╔══
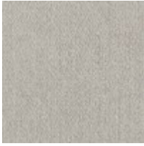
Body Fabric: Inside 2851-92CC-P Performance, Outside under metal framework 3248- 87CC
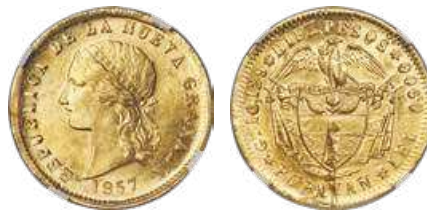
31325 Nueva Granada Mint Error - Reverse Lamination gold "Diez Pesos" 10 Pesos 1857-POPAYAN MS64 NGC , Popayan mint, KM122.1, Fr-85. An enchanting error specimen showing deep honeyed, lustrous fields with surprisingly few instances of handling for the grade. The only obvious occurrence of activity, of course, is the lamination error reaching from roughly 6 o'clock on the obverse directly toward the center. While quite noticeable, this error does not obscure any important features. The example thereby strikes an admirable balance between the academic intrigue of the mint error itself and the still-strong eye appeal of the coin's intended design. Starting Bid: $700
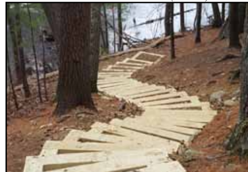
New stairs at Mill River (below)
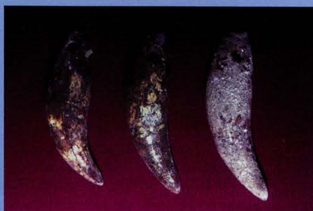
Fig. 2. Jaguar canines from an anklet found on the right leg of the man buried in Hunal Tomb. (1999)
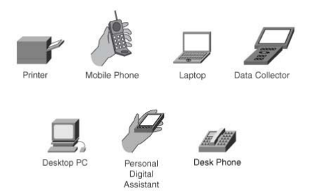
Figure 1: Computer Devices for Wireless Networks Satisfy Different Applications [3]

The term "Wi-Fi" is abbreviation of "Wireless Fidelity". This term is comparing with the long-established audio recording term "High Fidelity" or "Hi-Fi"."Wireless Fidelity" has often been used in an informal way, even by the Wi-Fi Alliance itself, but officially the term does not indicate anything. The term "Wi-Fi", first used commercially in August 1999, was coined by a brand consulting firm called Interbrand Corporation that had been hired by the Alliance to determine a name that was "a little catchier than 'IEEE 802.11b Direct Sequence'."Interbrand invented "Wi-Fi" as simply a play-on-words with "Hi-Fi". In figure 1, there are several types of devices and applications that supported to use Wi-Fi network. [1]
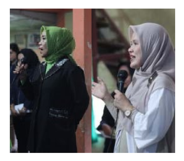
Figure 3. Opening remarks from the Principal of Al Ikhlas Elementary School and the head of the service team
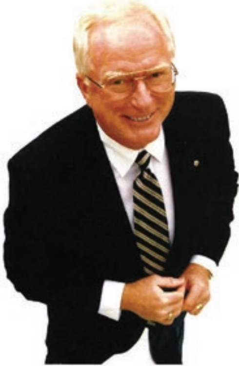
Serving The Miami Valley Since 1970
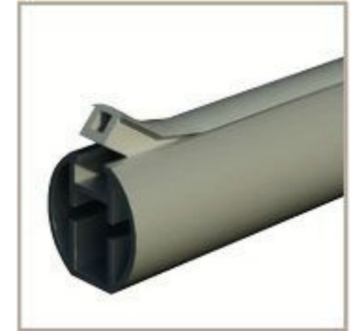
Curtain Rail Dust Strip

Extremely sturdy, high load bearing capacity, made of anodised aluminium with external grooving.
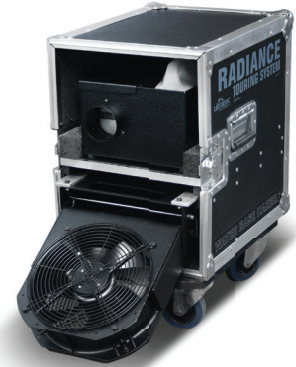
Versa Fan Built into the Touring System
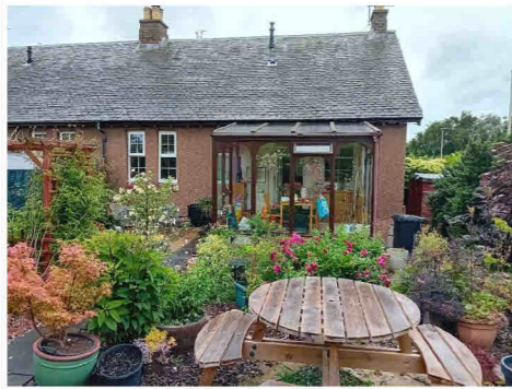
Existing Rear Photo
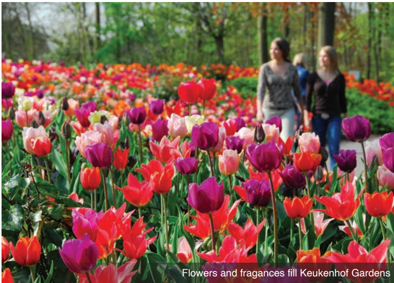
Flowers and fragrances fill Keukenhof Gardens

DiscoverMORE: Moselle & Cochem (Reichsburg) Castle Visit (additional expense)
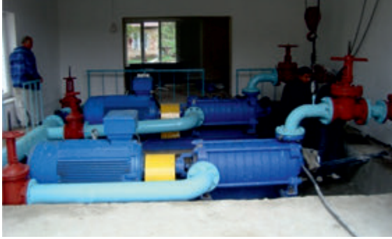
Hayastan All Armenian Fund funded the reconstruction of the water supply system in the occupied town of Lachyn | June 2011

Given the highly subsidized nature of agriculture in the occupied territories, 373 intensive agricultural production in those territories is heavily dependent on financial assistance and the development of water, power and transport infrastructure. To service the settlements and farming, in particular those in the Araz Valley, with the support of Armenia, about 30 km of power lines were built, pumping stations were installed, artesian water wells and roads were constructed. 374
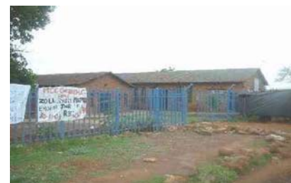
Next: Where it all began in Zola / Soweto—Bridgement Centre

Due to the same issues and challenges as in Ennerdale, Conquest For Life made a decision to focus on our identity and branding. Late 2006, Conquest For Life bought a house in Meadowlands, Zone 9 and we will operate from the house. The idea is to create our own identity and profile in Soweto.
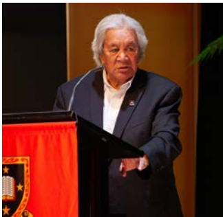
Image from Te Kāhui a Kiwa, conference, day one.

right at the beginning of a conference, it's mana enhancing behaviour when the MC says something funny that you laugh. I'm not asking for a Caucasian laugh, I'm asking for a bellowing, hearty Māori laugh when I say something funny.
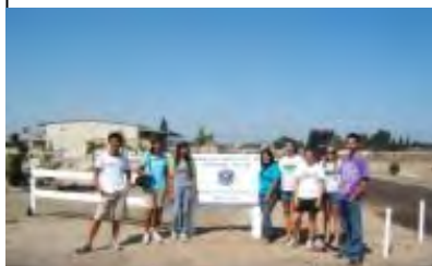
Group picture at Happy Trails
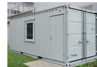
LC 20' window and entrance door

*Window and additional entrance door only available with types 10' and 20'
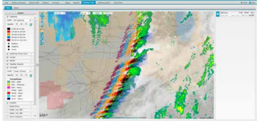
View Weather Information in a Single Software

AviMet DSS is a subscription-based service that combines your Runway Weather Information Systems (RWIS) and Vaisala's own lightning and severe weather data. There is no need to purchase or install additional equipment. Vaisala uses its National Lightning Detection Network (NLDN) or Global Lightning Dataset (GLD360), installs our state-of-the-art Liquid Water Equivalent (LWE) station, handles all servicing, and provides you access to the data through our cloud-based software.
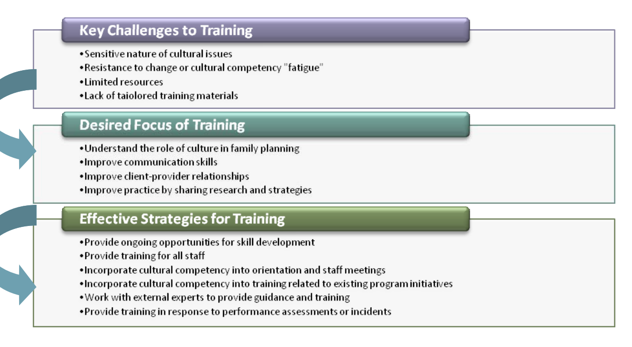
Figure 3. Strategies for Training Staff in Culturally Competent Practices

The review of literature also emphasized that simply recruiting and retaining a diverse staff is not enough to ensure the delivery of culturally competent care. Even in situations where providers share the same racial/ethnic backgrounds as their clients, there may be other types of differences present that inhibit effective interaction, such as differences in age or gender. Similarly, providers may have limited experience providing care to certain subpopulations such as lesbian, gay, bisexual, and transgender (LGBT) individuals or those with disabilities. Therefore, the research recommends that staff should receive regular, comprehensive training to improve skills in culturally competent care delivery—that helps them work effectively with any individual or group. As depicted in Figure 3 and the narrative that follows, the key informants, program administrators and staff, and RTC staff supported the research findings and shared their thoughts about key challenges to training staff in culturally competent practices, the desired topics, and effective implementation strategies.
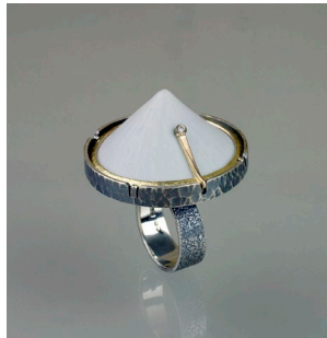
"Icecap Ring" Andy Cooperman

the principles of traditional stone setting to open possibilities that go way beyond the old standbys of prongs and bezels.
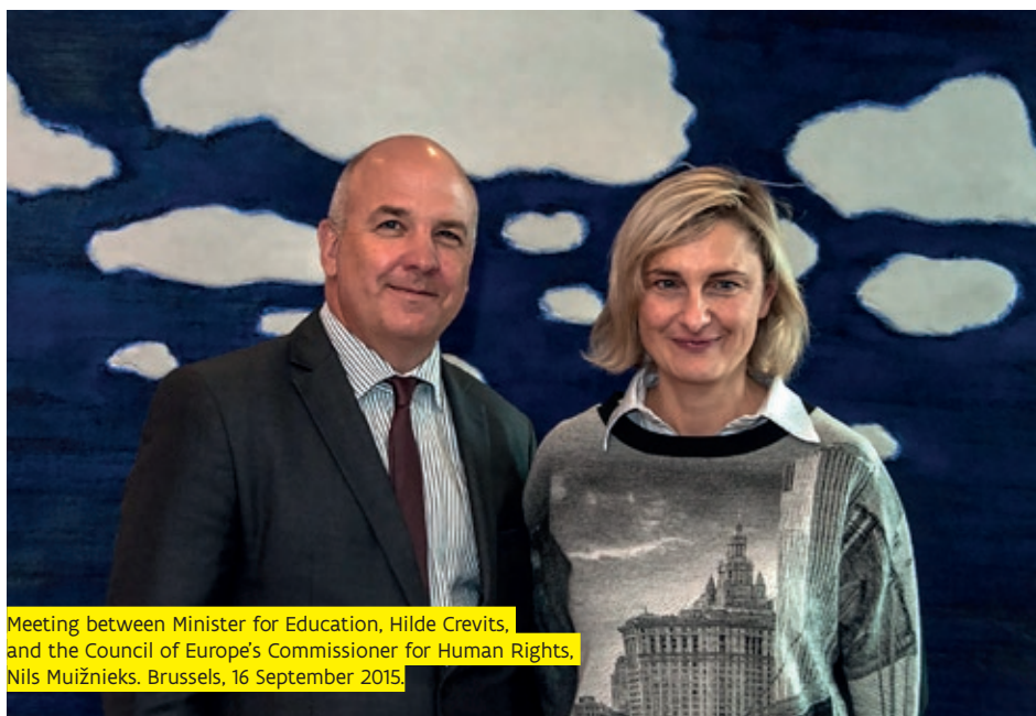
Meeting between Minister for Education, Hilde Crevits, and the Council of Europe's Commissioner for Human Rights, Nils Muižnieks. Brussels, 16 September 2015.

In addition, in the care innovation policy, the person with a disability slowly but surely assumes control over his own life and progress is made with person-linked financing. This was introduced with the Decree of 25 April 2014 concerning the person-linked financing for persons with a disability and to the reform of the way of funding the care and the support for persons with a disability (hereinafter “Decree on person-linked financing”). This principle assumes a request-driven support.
╚══
╔══
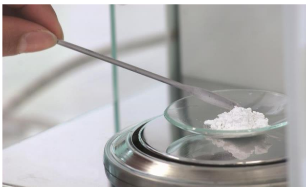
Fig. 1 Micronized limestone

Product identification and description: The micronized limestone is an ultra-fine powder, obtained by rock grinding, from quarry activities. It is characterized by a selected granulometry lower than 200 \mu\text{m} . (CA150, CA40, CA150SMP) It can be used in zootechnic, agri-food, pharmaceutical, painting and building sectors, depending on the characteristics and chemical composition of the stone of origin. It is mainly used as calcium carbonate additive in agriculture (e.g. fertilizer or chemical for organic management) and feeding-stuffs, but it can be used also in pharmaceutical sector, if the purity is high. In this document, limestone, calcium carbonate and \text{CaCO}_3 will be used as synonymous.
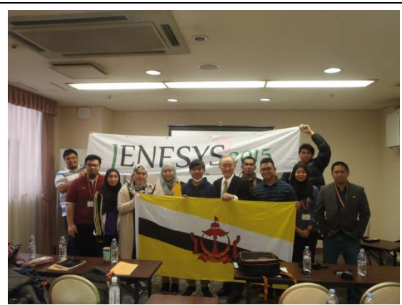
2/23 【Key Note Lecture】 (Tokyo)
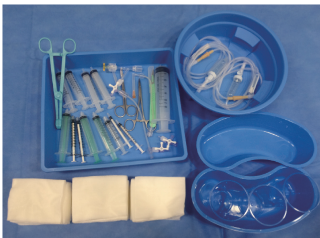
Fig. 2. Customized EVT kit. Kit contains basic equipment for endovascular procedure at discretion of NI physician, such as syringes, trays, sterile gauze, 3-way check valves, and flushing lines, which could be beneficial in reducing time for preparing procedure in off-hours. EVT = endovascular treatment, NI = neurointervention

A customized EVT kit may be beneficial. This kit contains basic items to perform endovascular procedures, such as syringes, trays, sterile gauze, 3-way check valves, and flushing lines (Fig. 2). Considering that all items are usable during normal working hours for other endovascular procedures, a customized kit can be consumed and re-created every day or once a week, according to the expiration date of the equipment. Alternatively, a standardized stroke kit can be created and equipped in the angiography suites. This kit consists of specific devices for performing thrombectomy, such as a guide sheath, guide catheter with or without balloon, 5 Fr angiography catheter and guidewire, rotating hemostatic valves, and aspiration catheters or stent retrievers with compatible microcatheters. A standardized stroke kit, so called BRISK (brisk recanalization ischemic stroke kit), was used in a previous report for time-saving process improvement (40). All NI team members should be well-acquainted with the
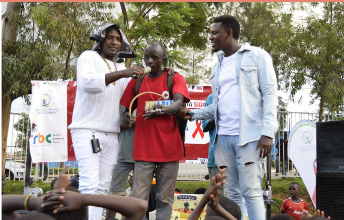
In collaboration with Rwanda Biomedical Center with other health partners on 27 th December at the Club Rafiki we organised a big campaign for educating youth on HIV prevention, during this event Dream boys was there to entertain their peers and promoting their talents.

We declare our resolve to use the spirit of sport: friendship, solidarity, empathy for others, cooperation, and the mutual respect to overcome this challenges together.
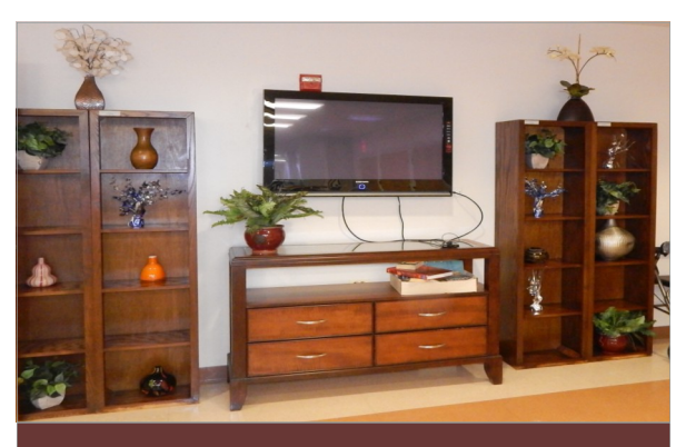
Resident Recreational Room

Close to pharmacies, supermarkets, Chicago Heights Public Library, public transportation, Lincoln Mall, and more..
╚══
╔══
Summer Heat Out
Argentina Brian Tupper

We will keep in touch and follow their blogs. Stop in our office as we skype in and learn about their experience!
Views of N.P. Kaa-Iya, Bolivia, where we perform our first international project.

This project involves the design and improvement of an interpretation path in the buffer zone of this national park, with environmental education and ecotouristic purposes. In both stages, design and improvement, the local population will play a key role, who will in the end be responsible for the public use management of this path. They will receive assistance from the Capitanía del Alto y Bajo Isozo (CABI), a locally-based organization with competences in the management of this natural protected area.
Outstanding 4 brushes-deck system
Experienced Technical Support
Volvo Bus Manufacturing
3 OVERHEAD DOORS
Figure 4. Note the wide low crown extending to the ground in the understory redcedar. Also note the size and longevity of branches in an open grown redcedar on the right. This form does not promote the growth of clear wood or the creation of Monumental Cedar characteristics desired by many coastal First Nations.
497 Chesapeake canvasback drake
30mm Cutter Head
╚══
Line count for the word "public": give the number of lines in the entries above that contain it, and nothing more.

2